Trouble with within-chain parallelization with cmdstan (via cmdstanr)

Hi all,

I am working to implement reduce_sum as one measure for improving efficiency for fitting a model, as was suggested in comments on my earlier post here. The goal is to take advantage of a cloud instance in which I have 16 cores (32 threads) available.
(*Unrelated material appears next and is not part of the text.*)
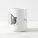 Black and white kitten mug. The mug features a green eye cat laying down and peeking. Cute black and white cat mug for cat owners. A great gift to cat moms or cat dads who have a tuxedo kitten or cat. Add a name on the centre of the mug.

As suggested in the earlier post, I generated the stan code for my hierarchical model using brms::make_stancode() and then edited the portion which could benefit from reduce_sum following the vignette here. The model runs fine when implemented with the following code on my local machine (4 core Mac laptop running Ubuntu 18.04) and even benefits slightly in speed by the caching improvement from reduce_sum:



mod <- cmdstan_model('path/to/stan_file')

fit <- mod$sample(
  data = my_data,
  chains = 4,
  refresh = 100,
  init = .01

However, when I edit code to enable parallelization (by adding cpp_options = list(stan_threads = TRUE to cmdstan_model() and sample for the model on the remote instance (running Ubuntu 18.04), I immediately get the following error for each of the four chains and the model crashes:

stan/lib/stan_math/lib/eigen_3.3.7/Eigen/src/Core/DenseCoeffsBase.h:162: Eigen::DenseCoeffsBase<Derived, 0>::CoeffReturnType Eigen::DenseCoeffsBase<Derived, 0>::operator[](Eigen::Index) const [with Derived = Eigen::Matrix<double, -1, 1>; Eigen::DenseCoeffsBase<Derived, 0>::CoeffReturnType = const double&; Eigen::Index = long int]: Assertion `index >= 0 && index < size()' failed.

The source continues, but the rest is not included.